I know that Mercurial supports tags (which is the way that branches are done in subversion AFAIK). Why would you use different repositories instead of tags for branch managing?

+5  A: 

There are advantages in having different repositories in Mercurial, and problem in handling branches.

Branches mean multiple heads, the graphs are much more complicated then, and even the graphical representation may not be able to accommodate so many convoluted paths... and I don't even talk about the human brain!

On the other hand, having multiple repositories mean that each repository will have a much simpler structure, therefore easing the brain trauma of having to deal with multiple branches/merges (that you have anyway, since two developers working from the same changeset and onward develop concurrently).

Furthermore, with multiple repositories, you can read/edit any file on a given repository easily with whatever editor you are using (if you maintain the working dir up to date relatively to the tip).

On subversion you HAVE to deal with multiple branches, there is no other way around, and you have to use tags.

On Mercurial, tags are not supposed to move (it needlessly introduce changesets) and branches are handled off-the-shelf: you always have branches. However, since you can have multiple repositories, you are offered another dimension. It is your choice whether you use it or not, it made my life easier anyway.

Matthieu M.
I need to go look at this, but I would have to share the same confusion. A tag or a branch in SVN is a fork maintained in the repository, I can go to my machine "over there" and pull down exactly what I want, if I create a new repository instead surely attempting to do that becomes significantly more complex *and* do I not have to keep both repositories? I can see that there are significant positive features with DVCS but its should also be obvious that there are positive features in having a central repository that seem often to be ignored by DVCS converts.
Murph
You really can't compare tags and branches in hg with tags and branches in svn, it's *really* different!
tonfa
I like your answer, thanks.
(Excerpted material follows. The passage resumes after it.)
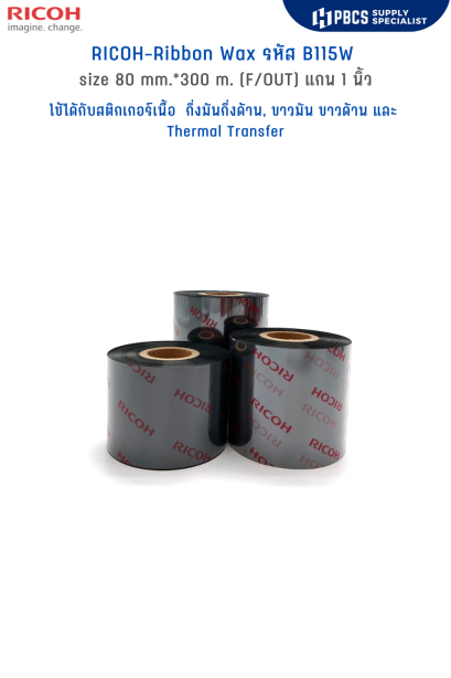 RICOH B115W Wax Ribbon หมึกริบบอน หน้ากว้าง 80 มิลลิเมตร ความยาว 300 เมตร การม้วนแบบ F/OUT ขนาดของแกน 1 นิ้ว หมึกสีดำ ทนความร้อนได้สูงถึง 50-60°C เหมาะสำหรับใช้กับงานสติกเกอร์แบบธรรมดา เช่น แบบกึ่งมันกึ่งด้าน หรือสติ๊กเกอร์แบบขาวด้าน เช่น งานพิมพ์ป้ายชื่อ ป้ายราคา ป้ายเสื้อผ้าบาร์โค้ด ป้ายสินค้าปลีก ฉลากสินค้าทั่วไป ระบบการขนส่งต่างๆ , สติ๊กเกอร์ส่งจดหมาย , ใบเสร็จรับเงิน , สติ๊กเกอร์เครื่องชั่ง , ป้ายชั้นวางสินค้า , สติ๊กเกอร์ที่อยู่ติดกล่องพัสดุ และ Healthcare
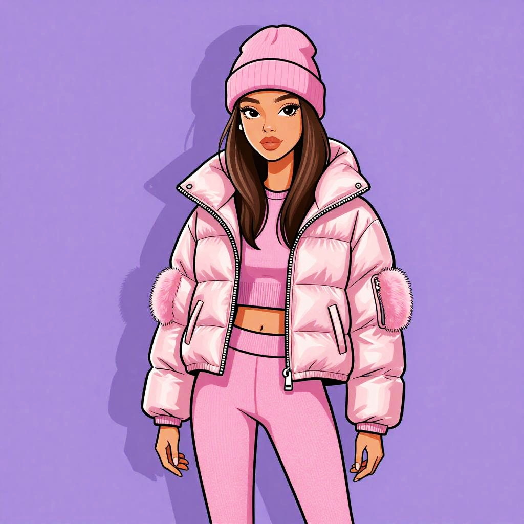 Woman with pretty face and pretty hair. Woman, modern winter chic, glossy metallic pink puffer jacket with oversized collar, matching pink beanie, coordinating faux fur muff, slim-fit textured leggings in a lighter pink shade, photo studio background. --sref 1467

It's like the good answer for question on Bazaar: "why Bazaar always keep every branch in separate directory?" Because human brains is weak on dealing with zillion heads in one repo.
bialix
+9  A: 

Mercurial's tags are not the same as Subversion's branches. In Subversion, making a branch creates a separate copy of the code (with hardlinks at least, I think) while tags in Mercurial just point to a specific commit.

A while ago I wrote about Mercurial's branching models (of which branching-with-clones is one of four options), maybe you'd find it useful?

Steve Losh
Very interesting guide, I didn't know about bookmarks.
Matthieu M.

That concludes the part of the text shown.